A la cour, elle a raconté avec une profonde émotion les aiguilles d’acupuncture qu’Alexandre Ip lui enfonçait dans ses parties intimes, causant d’intenses douleurs qui la faisaient hurler. Dans la demi-heure qui suit la plainte de Leïla, le cabinet est placé sous scellé, le smartphone et le matériel informatique du médecin sont saisis. Des centaines de photos de femmes nues ou en sous-vêtements, ainsi que des gros plans de parties génitales féminines sont retrouvés dans le téléphone de l’accusé.

Une première plainte classée sans suite en 2010

Les enquêteurs font alors le lien avec une précédente plainte déposée 10 ans plus tôt contre le médecin. Une jeune patiente avait dénoncé avoir similairement surpris le généraliste en train de prendre une photo de ses parties génitales. En 2010, cette plainte avait été classée sans suite. Analysant le répertoire de la patientèle du généraliste, les enquêteurs ont recueilli les témoignages de viols et d’agressions de plusieurs femmes. Cinq portent plainte et se constituent parties civiles au procès.

A la barre mardi, l’accusé de 63 ans leur a maladroitement promis qu’il ne « ferait plus jamais ce genre de bêtises ». Le président de la cour a estimé que les séances de massage, imposées aux patientes sous un prétexte de médecine traditionnelle chinoise, « ressemblent plus à des séances de torture ».

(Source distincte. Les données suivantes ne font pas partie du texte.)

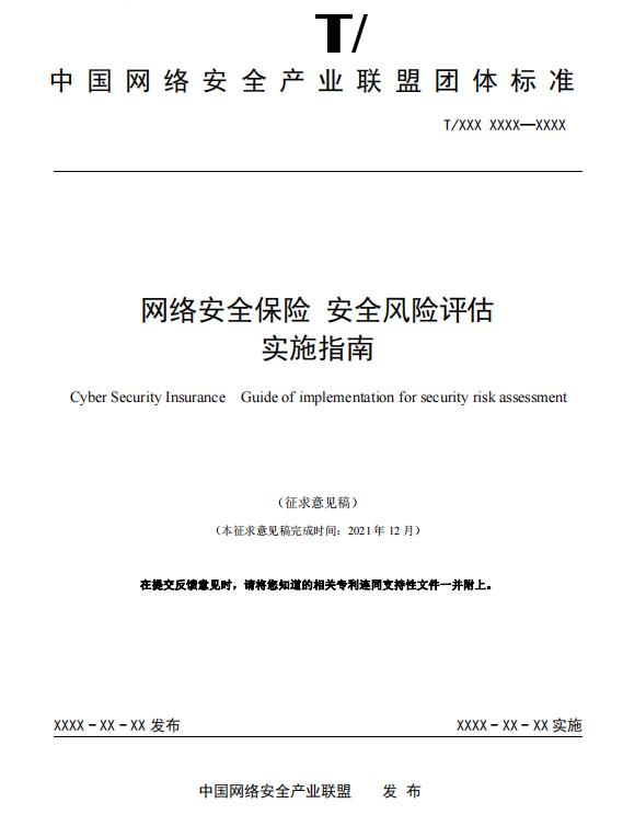 2021年12月24日,中国网络安全产业联盟发布通知,由人生就是搏z6尊龙信息技术股份有限公司牵头制定的《网络安全保险 安全风险评估实施指南》联盟标准已完成征求意见稿,进入为期一个月的征求意见阶段。

Conseil de Leïla, Me Serge Portelli a salué une décision « à la hauteur des faits terribles qui ont été commis par l’accusé ». L’avocat a par ailleurs trouvé « très émouvant de voir ces jeunes femmes exprimer une solidarité » tout au long de l’audience, souvent éprouvante émotionnellement pour elles. Elles ont unanimement refusé de témoigner à huis clos car le dossier était « plus large » que ce qui est reproché au docteur Ip, a fait valoir Me Portelli. Il rapporte que les plaignantes « voulaient que ça dépasse le cadre d’une salle d’audience en disant : ‘On a envie que les médecins le sachent' ».

Alexandre Ip, qui a reconnu l’intégralité des faits commis « a pleinement assumé sa culpabilité », a déclaré son avocate Me Sandy Corler, précisant qu’il ne fera pas appel de la décision. « Il a eu la capacité, lors de cette audience, de formuler des excuses et des regrets sincères, et d’exprimer une honte authentique qui a su convaincre la cour criminelle », a-t-elle indiqué à la presse.